(Beginning of Dataset section)
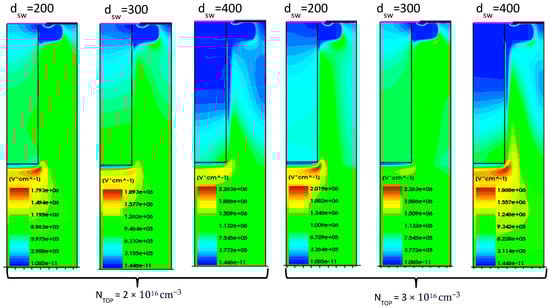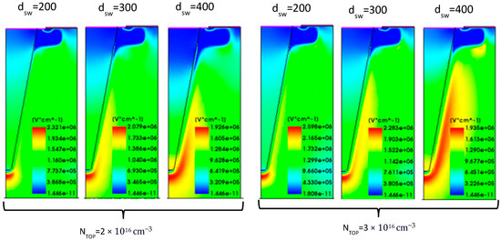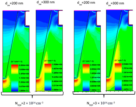 A significant improvement in the on-state conduction was also achieved, with RDS-ON varying from 8.6 mΩ·cm2 to 11.5 mΩ·cm2, ensuring an improvement from 21.7% to 49.8%, as shown in Figure 4b. The on-state characteristics were simulated using the p-sidewall concentration that achieved the optimal charge balance for each combination of N-top layer doping and sidewall depth, according to Figure 4a. In Figure 5, the EF distribution at 2 kV is reported, showing reasonable values for the EF peak value.
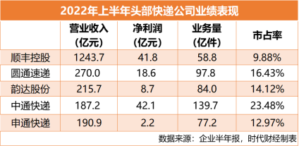 多項數(shù)據(jù)下滑,也令韻達丟掉了市占率第二的位置。上半年,中通、圓通、韻達、申通、順豐市占率分別為23.48%、16.43%、14.12%、12.97%、9.88%。其中申通擴張力度最高,市占率增長了1.88個百分點,與韻達的差距進一步縮小。
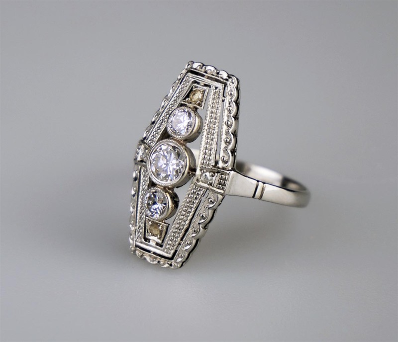 č. 179 466 Zlatý art-deco prsten s diamanty
(End of Dataset section)
| Work task |
The output should be the lines from the one with "多項數(shù)據(jù)下" through the end of the material above, both ends included, printed exactly and nothing else. Drop the pictures.

| Reply |
 多項數(shù)據(jù)下滑,也令韻達丟掉了市占率第二的位置。上半年,中通、圓通、韻達、申通、順豐市占率分別為23.48%、16.43%、14.12%、12.97%、9.88%。其中申通擴張力度最高,市占率增長了1.88個百分點,與韻達的差距進一步縮小。
 č. 179 466 Zlatý art-deco prsten s diamanty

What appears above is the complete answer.